The Maturin and Johnston Families in Ireland

 

The name Maturin will be familiar to many, but perhaps as a memory of Patrick O'Brian and his Napoleonic Navy stories rather than one of the few descended from the Huguenot Pastor from Guyenne, Gabriel Maturin. It is one of history's oddities that the name should be so memorable when only 160 babes baptised as Maturin in the UK and Ireland can be traced in the last 300 years, and only eleven of those are still alive in mainland UK, and just one in Ireland. It may disappoint O'Brian fans that none were named Stephen and only two were in the Victorian, rather than the Napoleonic war,  Navy so not even the most imaginative can give Aubrey's sidekick a reality.

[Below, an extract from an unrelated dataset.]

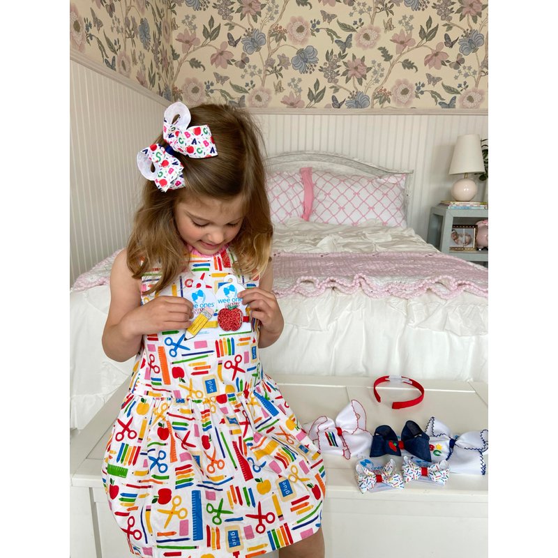 Get ready to show off your playful side with our medium navy blue linen hair bow featuring charming red apple embroidery. Perfect for back-to-school season, this bow is a playful way to show appreciation for teachers and adds a touch of fun to any playground adventure. A must-have for little bookworms and avid readers! This bow is sure to stay in her hair all day with our patented WeeStay no-slip hair clip.

O'Brian was proud of his Irish literary roots. When he was searching for a good Irish / French name he will have known the history of one of the great Irish writers, Charles Robert Maturin, championed by Scott and Byron and now best known for his Melmoth the Wanderer gothic horror adventure. The name Maturin was also used by Somerset Maugham in The Razor's Edge, perhaps picked as Charles Robert's entry in the Dictionary of National Biography is very close to his own. The most recently publicised Maturin was the actor Eric who appeared with Paul Robeson in Sanders of the River in 1935 and in The Life and Death of Colonel Blimp in 1943.


Now back to the start. Most of the stories agree that Gabriel was born in the Montauriol - Monflanquin area of Guyenne, east of Bordaux, married Rachel Garrigue and had a family before they fled to Dordrecht in Holland after the Revocation of the Edict of Nantes in 1685. In 1689 he joined a clandestine mission back to France to give comfort to the faithful who had remained, but was arrested within five months and condemned to perpetual solitary confinement on the île Sainte Marguerite with the five other Protestant ministers on the mission. There he remained for 25 years and was only released after representations at the highest levels at the negotiations at the Treaty of Utrecht. His son, Peter, was chaplain to the regiment commanded by the Duke of Marlborough at Blenheim; Marlborough had a direct line to Queen Anne. The Bishop for all overseas clergy was the Bishop of London; John Robinson was that Bishop and also one of the plenipotentiaries negotiating the Treaty. Gabriel was the only one of the Protestant clergy to be released and he emerged as a cripple but able to make his way to London. Peter had been based in Utrecht where both his sons were born in 1700 and 1705. By 1718 they had reached Ireland when Gabriel James, the elder son, entered Trinity College Dublin and Peter had gained the preferment which led eventually to his appointment as the Dean of Killala, way out on the northern coast of Connemara west of Sligo. Gabriel James used his natural talent to make his way in the church; when Jonathan Swift died in 1745 he was elected as Dean of St Patrick's, Dublin but lived for only one year after and died at the age of 46.

The Johnston family became entwined with the Maturins in 1802. Until then the Maturin men had been Protestant clerics or soldiers named Gabriel, Peter, Jacques (or James), Charles with an occasional William or Henry. The Johnstons had been Benjamin or John (and Edmund coming in from the Welds), dissenting lawyers and doctors, though their prosperity was boosted by John Johnston who was an "Ironmonger" at the height of the Georgian development of Dublin. After the marriage of Henry Maturin to Elizabeth Johnston in 1802 and the subsequent marriage of Benjamin Johnston to Emma Maturin in 1843 the Maturins started to breed lawyers and doctors and Johnstons to raise clergymen.